Dogs who have any aggression (fear based or otherwise) can be severely damaged by so-called trainers who use violence and or screaming to bully the dogs into obedience. For many dogs this approach scares them into more tension and aggression.

It sounds like you are doing all the right things. The soccer game would be an ideal place to practise with the other dogs, especially if you know Dante's comfort zone. You can start there, associating his calmness with good things (treats). If you do get too close to another dog (or it does to you) and Dante reacts, all you need to do is a u-turn and walk him a few feet away until he is calm. You don't need to react yourself (by jerking the leash or shouting no). Your not reacting shows him that there is nothing to fear and he doesn't need to protect you and that you are calm and in charge. If it is difficult to get far enough away from the dog, another thing you can do is to sit your dog and then stand in front of him, acting as a screen between him and the other dog. This will have a calming effect.

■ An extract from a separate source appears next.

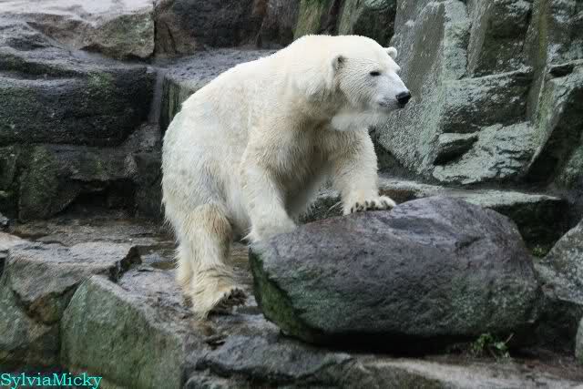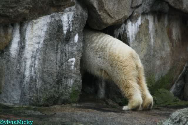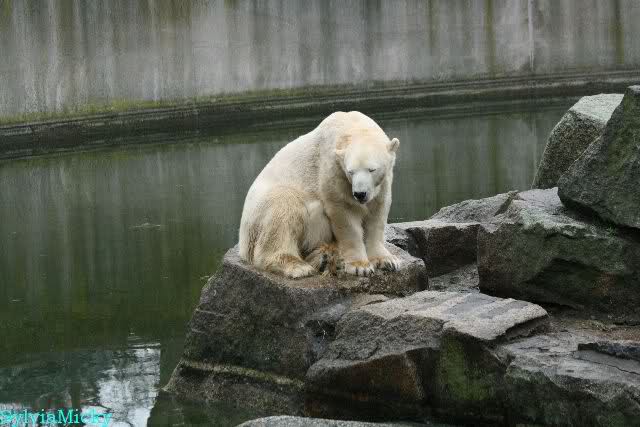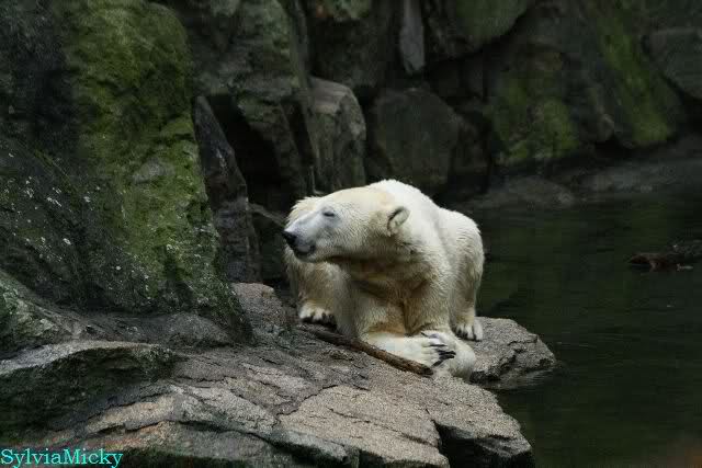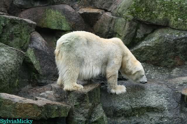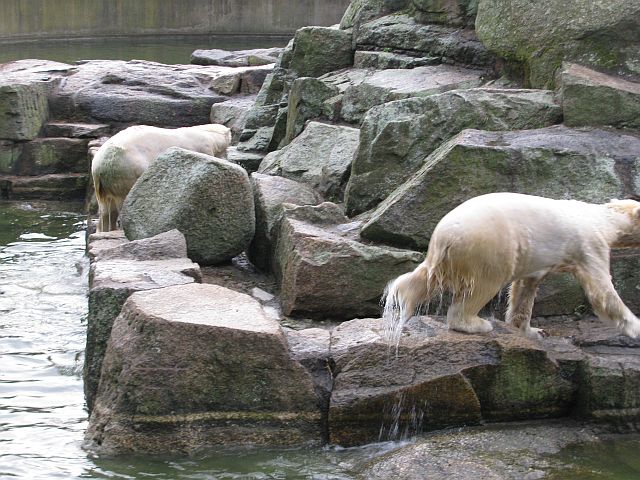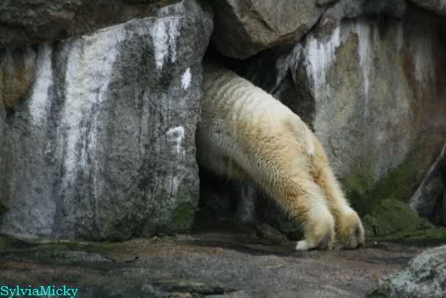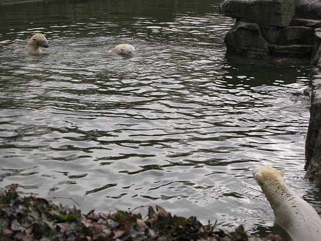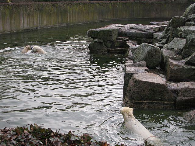 Nach dem Besuch des Affenhauses schlenderten wir nochmals zurück zu Knut. Aber die Eisbären hielten ihre wohlverdiente Mittagsruhe. Wir sahen ihnen eine Weile dabei zu. Dann gingen wir zum Ausgang.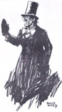 4. In "The Wrecking of the 18th Amendment" (1943, The Alcohol Information Press), Ernest Gordon writes "the novelist Dickens took a sharp dislike to them (English nonconformist ministers) and caricatured them at every opportunity. Stiggins...was one his creations... a man with threadbare black clothes, a prim-faced, red-nosed man with long thin countenance.... He carries the inevitable umbrella of the Englishman and wears the tall hat of the Abe Lincoln period."

ONe good short book you might like is Turgid Rugaas's calming signals for dogs (there is also a video). It helps you to read your dog's body language and also offers some suggestions. For dogs, approaching head on is confrontational. They usually approach each other in wide arcs and don't go face to face right off. They turn their heads away to show the other dog that they mean no harm. A lot of humans don't understand this and bring their leashed dogs right at each other. If you are walking Dante and need to pass another dog or are at the stage where you want to try approaching another dog, move in an arc, never directly at the dog.

I hope this helps and keep me posted on Dante's progress.